On 14/02/2017 00:57, Kasi Lakshman Karthi Anbumony wrote:
(1) What is the data structure used to represent Lexicon? (Clownfish supports hashtable. Does it mean Lucy uses hashtable?)
Lexicon is essentially a sorted on-disk array that is searched with binary search. Clownfish::Hash, on the other hand, is an in-memory data structure. Lucy doesn't build in-memory structures for most index data because this would incur a huge startup penalty. This also makes it possible to work with indices that don't fit in RAM, although performance deteriorates quickly in this case.
(2) What is the data structure used to represent postings? (Clownfish supports hashtable. Does it mean Lucy uses hashtable?)
Posting lists are stored in an on-disk array. The indices are found in Lexicon.
(3) Which compression method is used? Is it enabled by default?
Lexicon and posting list data is always compressed with delta encoding for numbers and incremental encoding for strings.
(4) Why there is no API (function call) to know the number of terms in lexicon and posting list for a given cf.dat?
It's generally hard to tell why a certain feature wasn't implemented.
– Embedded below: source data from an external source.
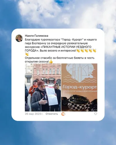ПутешествияТуроператор новых впечатлений по Самаре и РФ🌅 Менеджер в тг: @gorod_kurort_manager Наш сайт: https://gorod-kurort.com/ Группа школьных экскурсий: https://t.me/gorod_kurort_school По любым вопросам: 89370797347 РКН: https://vk.cc/cOZdkx
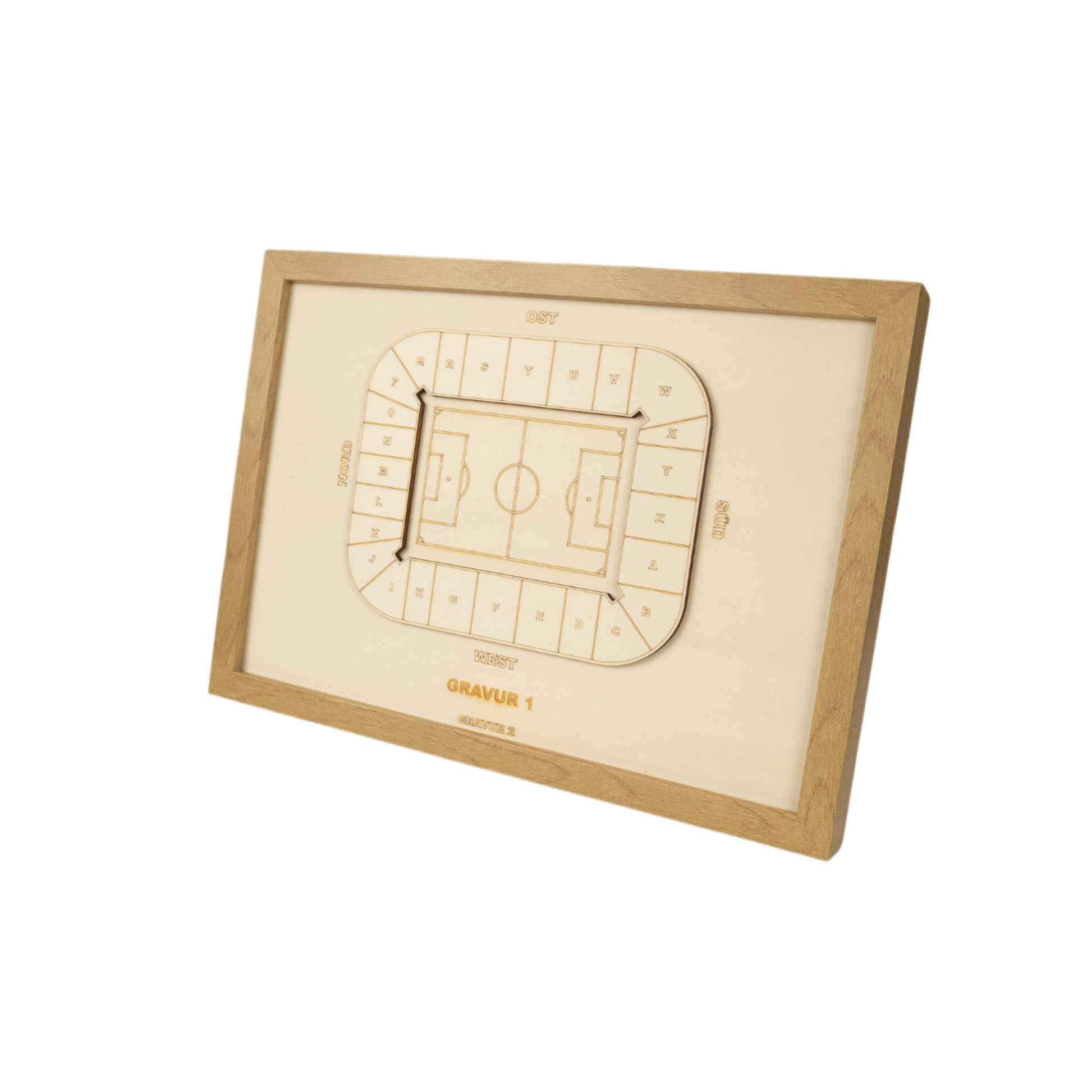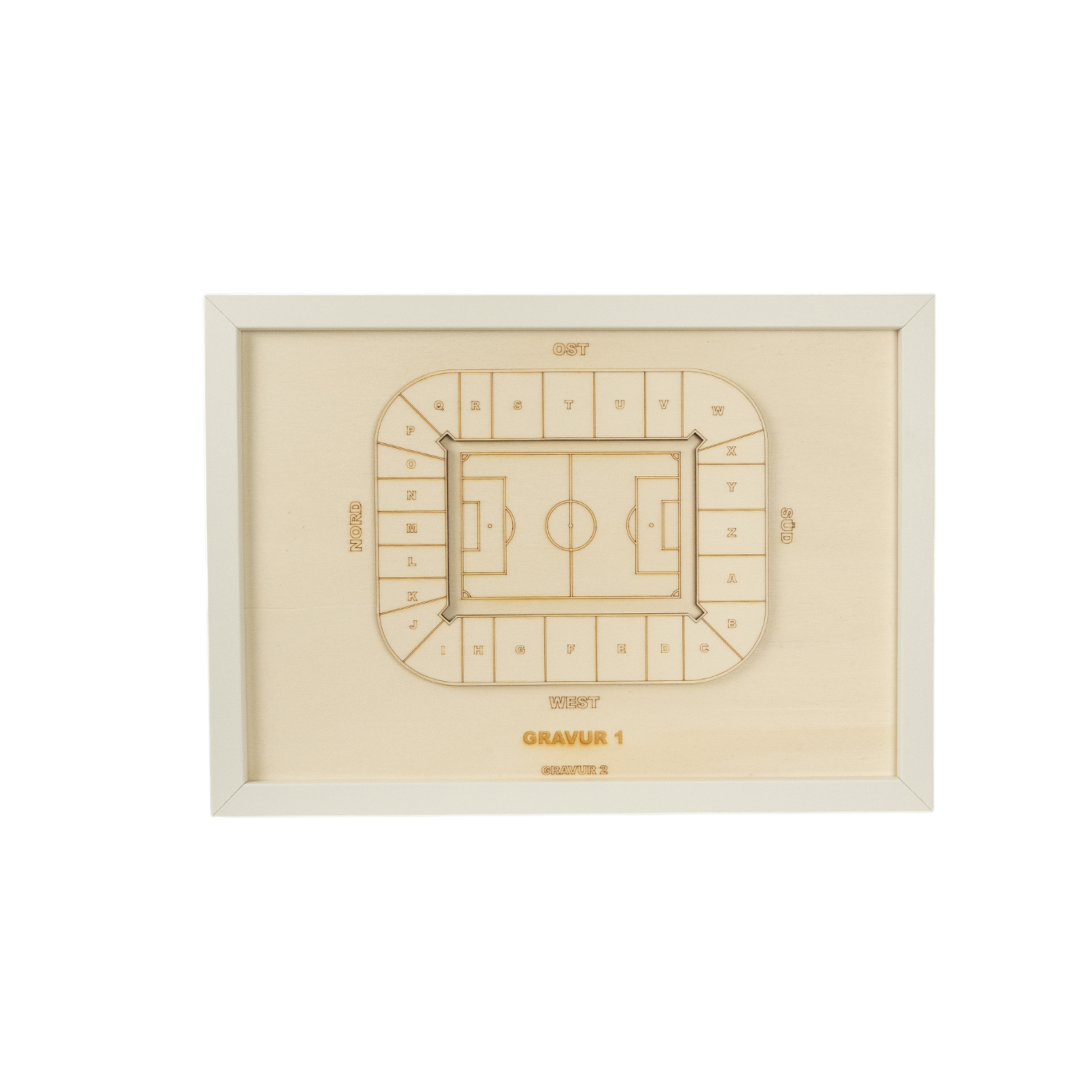 Anstelle von "Gravur 1" und "Gravur 2" kannst du dir gerne eigene Sätze, Namen oder Fakten ausdenken, wie z.B. einen Vereinsnamen, die Kapazität deines Stadions oder einen Fangesang.
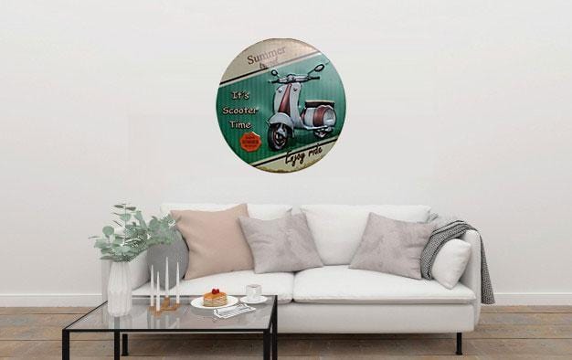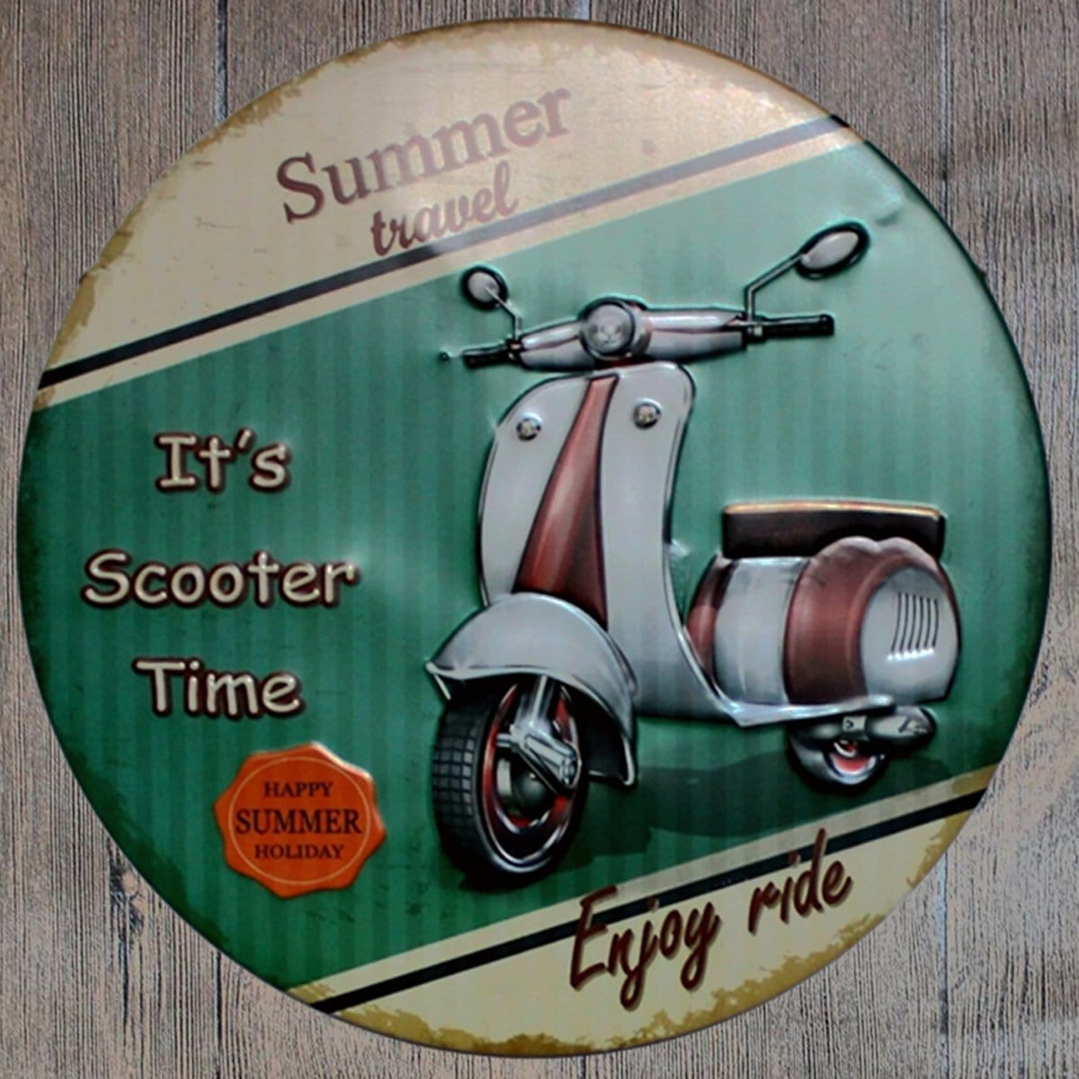 Its Scooter Time Round Metal Tin Sign Poster will adorn the look and feel of your wall. This versatile and durable tin sign, metal wall poster can be stuck in any corner of your room, office, shop, shed, garage or store and it will look just as great. Imported Iron. Fashion & Retro Quality Tinned Skin. Four pre-drilled holes for hanging or you may use double-sided tape.

The only answer I can give is that no one deemed it important enough so far. But Lucy is open-source software. So, basically, anyone can implement any features they want.
(3) Can I know whether searching through lexicon/posting list is in-memory process or IO process?
Lucy uses memory-mapped files to access most index data so the distinction between in-memory and IO-based operation blurs quite a bit.
Nick